ACTIVITY: Skip the pictures, and retype the data below in full, exactly.

DATA SECTION:
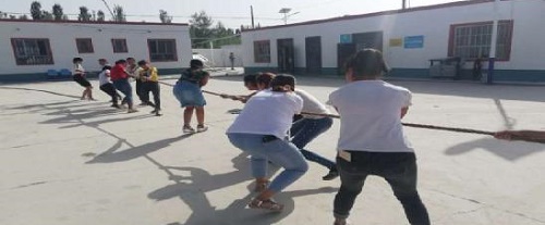 近日大宛其阿热恰特村组织返乡大学生参加拔河比赛,听到裁判员一声清脆的哨响,红蓝双方队员都死死地攥紧绳子,红方队员在队长的带领下全体队员齐心协力双脚恨不得深深的钉进地里,眼睛瞪的大大的,脸憋得通红,使出了全身的力气,互不相让。
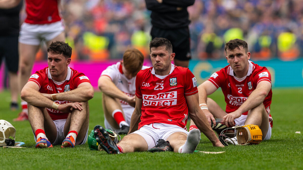 Cork’s Seamus Harnedy and teammates dejected after the losing the All-Ireland Senior Hurling Final. Picture: INPHO/Morgan Treacy
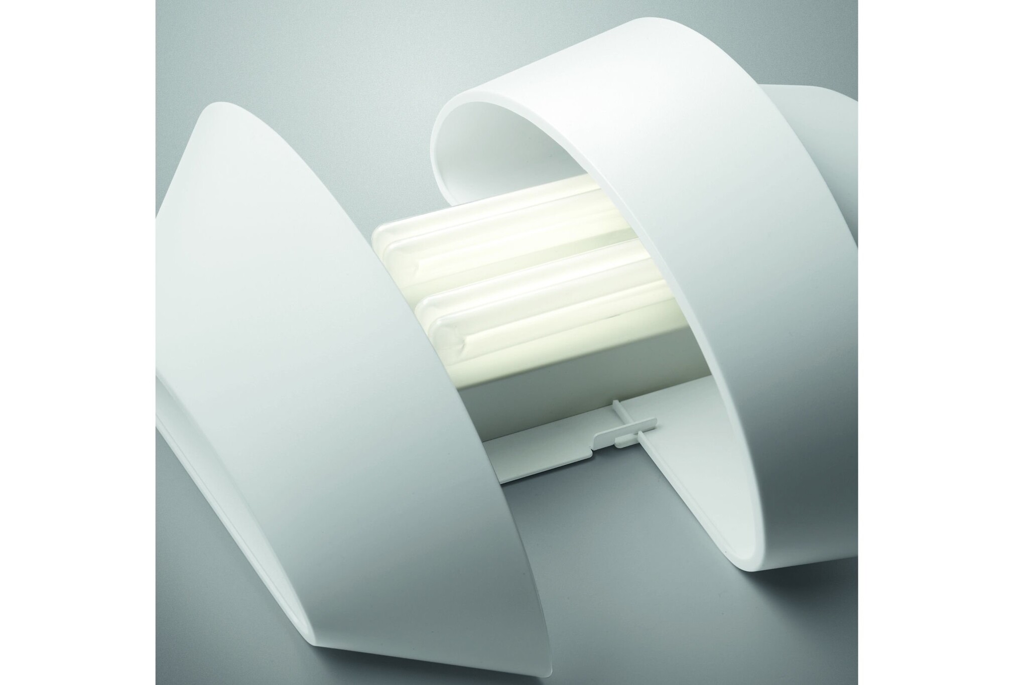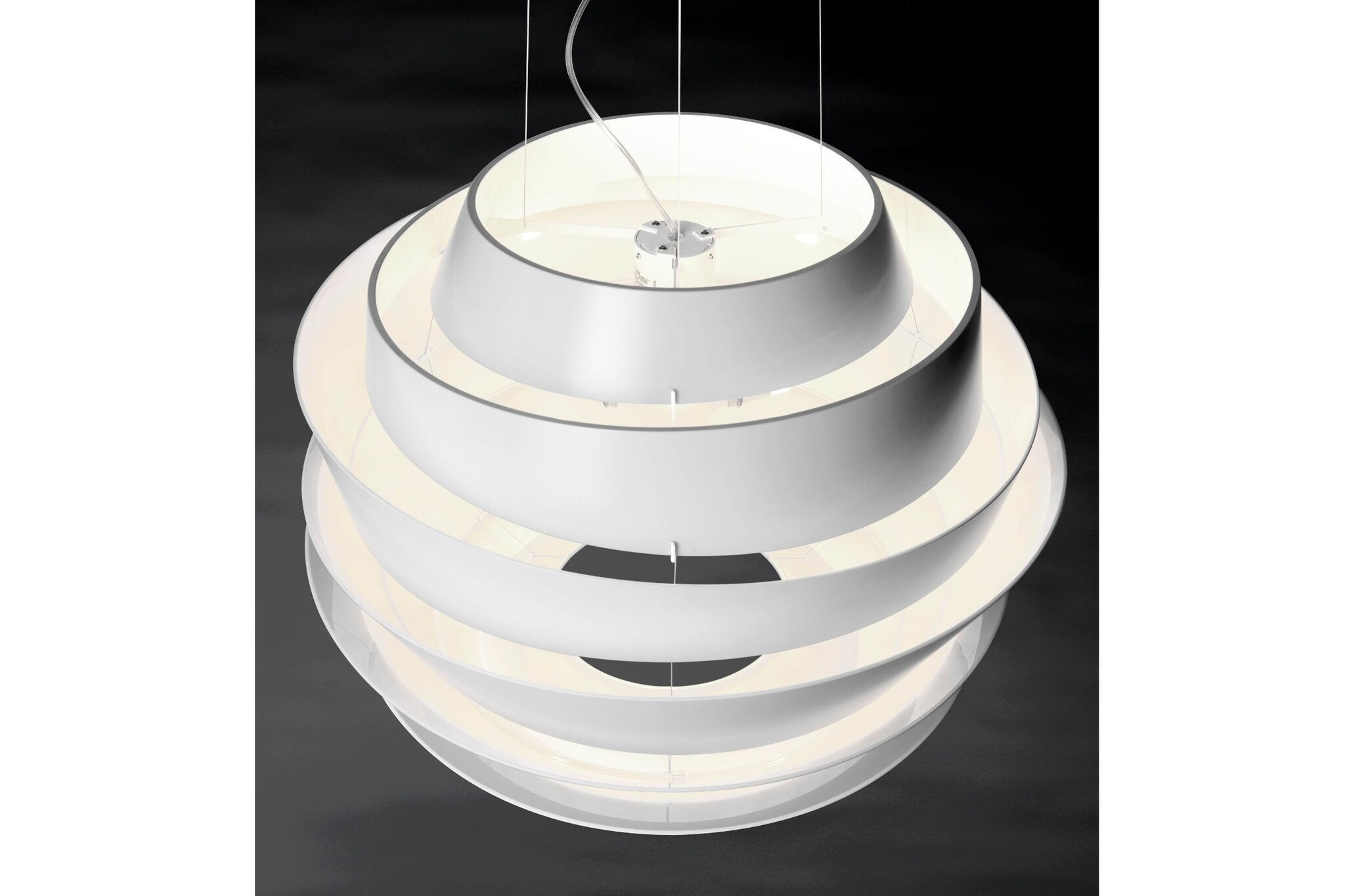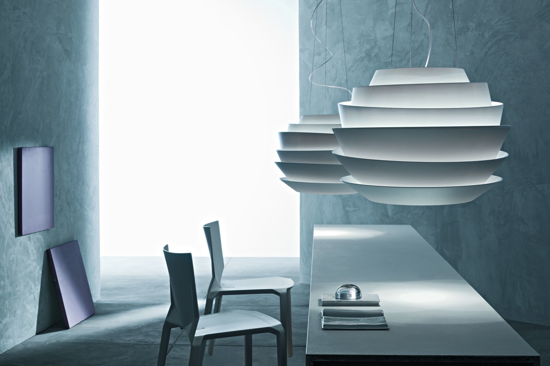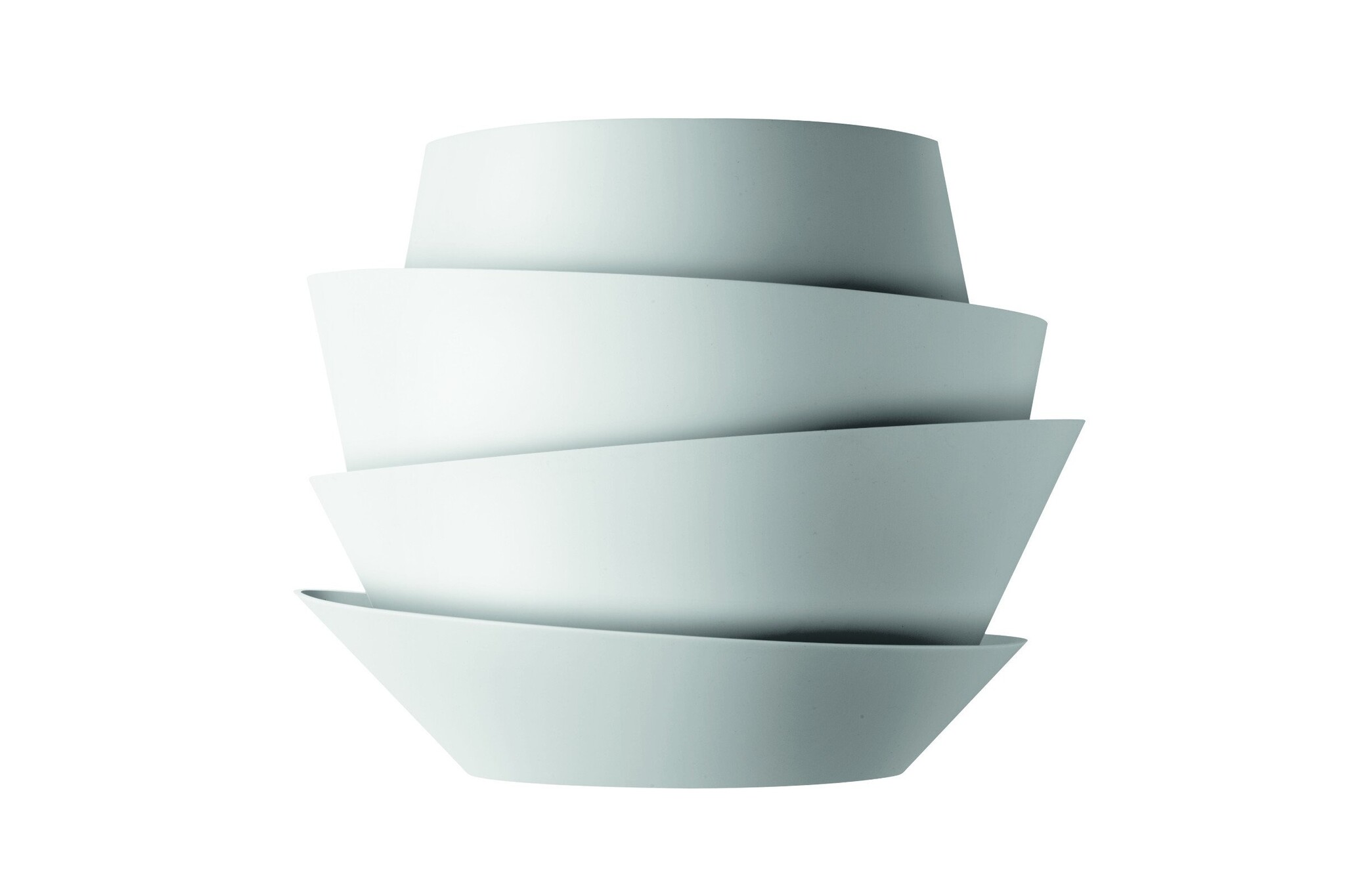 Foscarini Le Soleil een plafondlamp gemaakt van polycarbonaat. Le Soleil bestaat uit asymmetrische banden, die een leidende rol spelen in de verspreiding van het licht. De Le Soleil, verlichting, is leverbaar in wit. Naast de hanglamp is er ook een wandlamp leverbaar ook in de kleur wit.
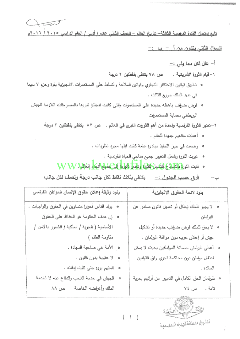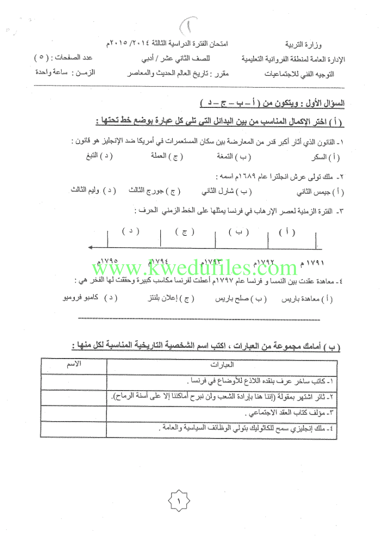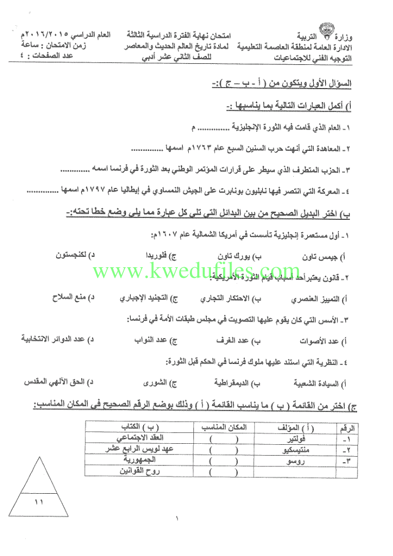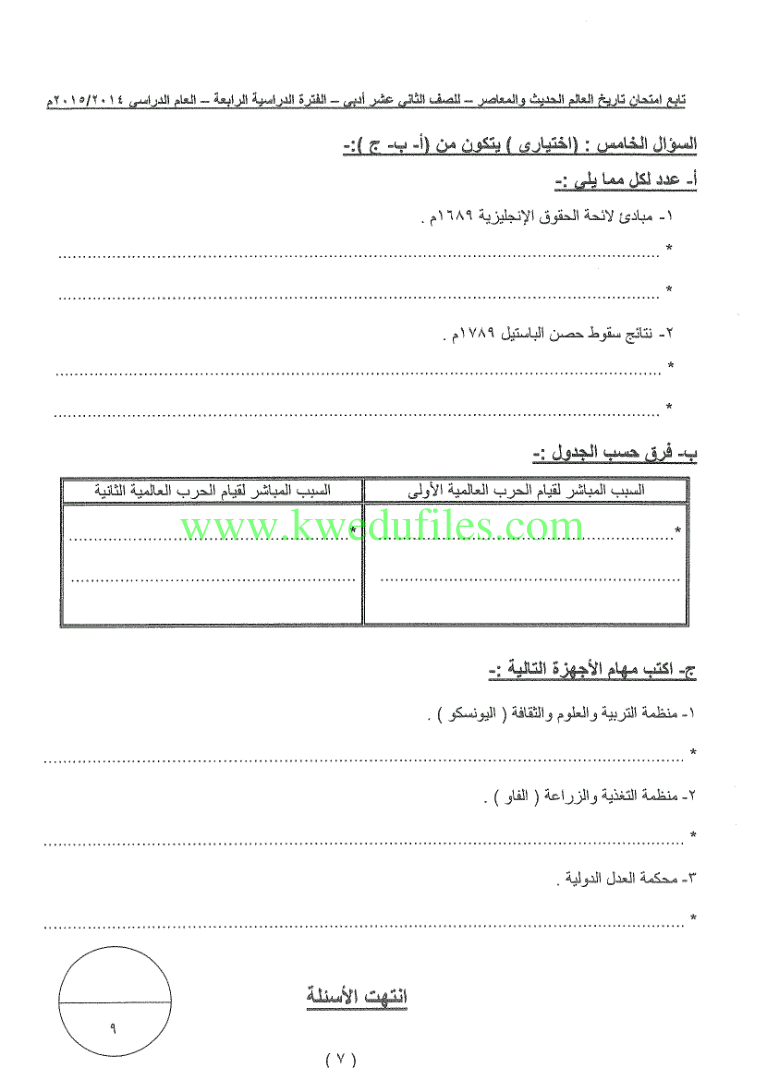 أنت هنا: موقع المناهجالمناهج الكويتية الصف الثاني عشر الأدبي تاريخ الفصل الثاني الامتحان النهائي

YOUR RESPONSE:
 近日大宛其阿热恰特村组织返乡大学生参加拔河比赛,听到裁判员一声清脆的哨响,红蓝双方队员都死死地攥紧绳子,红方队员在队长的带领下全体队员齐心协力双脚恨不得深深的钉进地里,眼睛瞪的大大的,脸憋得通红,使出了全身的力气,互不相让。
 Cork’s Seamus Harnedy and teammates dejected after the losing the All-Ireland Senior Hurling Final. Picture: INPHO/Morgan Treacy
 Foscarini Le Soleil een plafondlamp gemaakt van polycarbonaat. Le Soleil bestaat uit asymmetrische banden, die een leidende rol spelen in de verspreiding van het licht. De Le Soleil, verlichting, is leverbaar in wit. Naast de hanglamp is er ook een wandlamp leverbaar ook in de kleur wit.
 أنت هنا: موقع المناهجالمناهج الكويتية الصف الثاني عشر الأدبي تاريخ الفصل الثاني الامتحان النهائي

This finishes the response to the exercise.